Affiliated Rewards Programs

This type of program refers to separate businesses that partner together to offer a reward system. They can be a great way for your business to strengthen your relationship with customers by offering more things that they'll enjoy from their favorite brands and businesses.

In order to make this work, each related business must have a similar customer base, so you know the types of people who are interested in working toward rewards through each business. For example, a pet supply store might partner with a grooming or training facility and offer their customers access to discounts or promotions for this related business.


  • You can provide your customers with more opportunities to earn rewards from their favorite brands and businesses.
  • There's an opportunity for you to work with other businesses that have a similar customer base.
  • Reduced investment costs since the companies help share the burden of creating and maintaining a rewards program.
  • You can develop loyalty to your business by promoting other businesses that are affiliated with you. The more customers visit these places, the more likely they are to become loyal to your business as well.


  • You might have to partner with businesses that aren't quite as relevant to your brand or target market.
  • There can be more confusion for customers since they'll have to follow the rules of multiple rewards programs.
  • If a business offers a promotion that's appealing, it might make your offer look less attractive by comparison, even if they are not very similar.
  • Customer data may be siloed between different related businesses. It can be more difficult to cross-reference this information in order to create a deeper understanding of your customers.

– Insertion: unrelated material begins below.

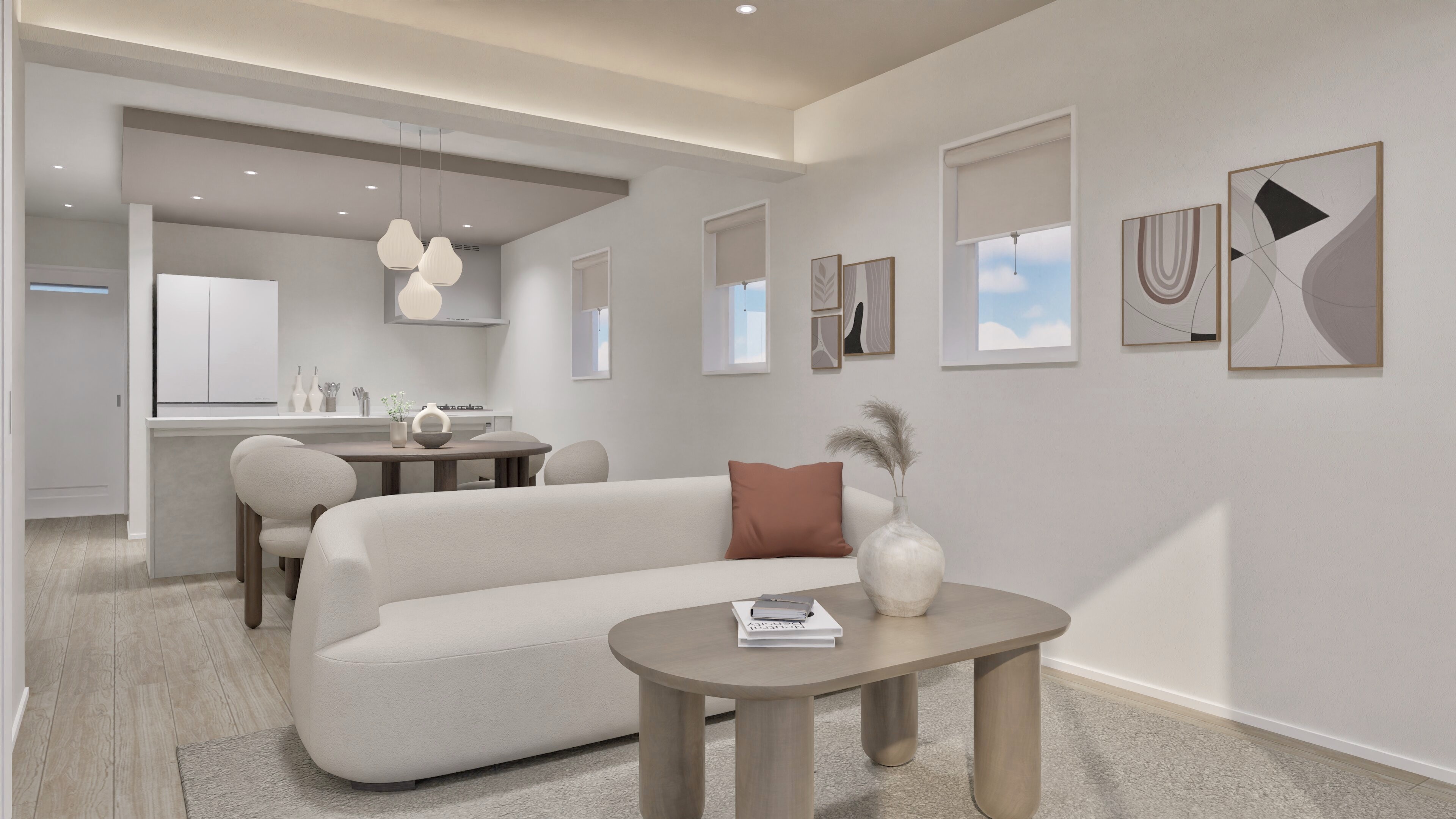 淡いトーンと柔らかなフォルムで構成された「ソフトミニマル」は、生活感を程よく抑えつつも、どこか温かみを感じさせる洗練されたスタイルです。ミニマルな美しさをベースに、ブークレやラタンといった自然な風合いの素材を組み合わせることで、空間に優しさと奥行きを与えます。漆喰風のマットクロスが光を柔らかく反射し、日々の喧騒を忘れさせてくれる穏やかな時間を演出。シンプルでありながら、心から安らげる住まいを求める方に最適です。

Fee-Based Rewards Programs

If you want to attract top-tier, seriously loyal customers, you may want to consider a fee-based program. Customers will enroll to receive a reward but you'll charge them a fee to join the program. This fee may be one-time or ongoing. It can also be based on how much they spend with your business. For example, if a customer spends at least $1,000 in a year with your company, they can enroll in the rewards program for free. If they spend less than that, you may have a tiered fee structure.


  • Attracts high-value customers from whom you can extract valuable data on consumption patterns.
  • These customers are willing to pay a fee in order to receive rewards for their purchases. This means that although the initial upfront cost may be higher, you'll have fewer costs overall since these customers are better at engaging with your business.
  • It allows customers to earn rewards faster if they spend more money within a certain time frame.
  • It allows you to offer the most attractive rewards since you have now established a new revenue stream.
  • It can increase customer retention, lower the cost per acquisition, and increase customer lifetime value.


  • You'll need to establish additional infrastructure for this type of rewards program.
  • Customers who spend less may not be as enticed by this offer, since they may assume rewards are unattainable.
  • Requires complex, strategic planning to implement and maintain.
  • Customers may not be willing to pay an ongoing fee for the convenience of earning rewards through your business.


There are more factors to consider when forming a loyalty program than just whether or not it will bring in additional income. What is the goal of your program? How effective is it in attracting customers? Will you be able to meet customer demands in order to deliver the best possible experience with your rewards system?

Regardless of how you choose to structure your program, ensure that it's flexible enough to grow and scale with your business. There may be situations in which you want to adjust the program or alter rules based on customer feedback or other factors. If you find that the way things are organized isn't working, look for ways to make small changes rather than overhaul everything at once.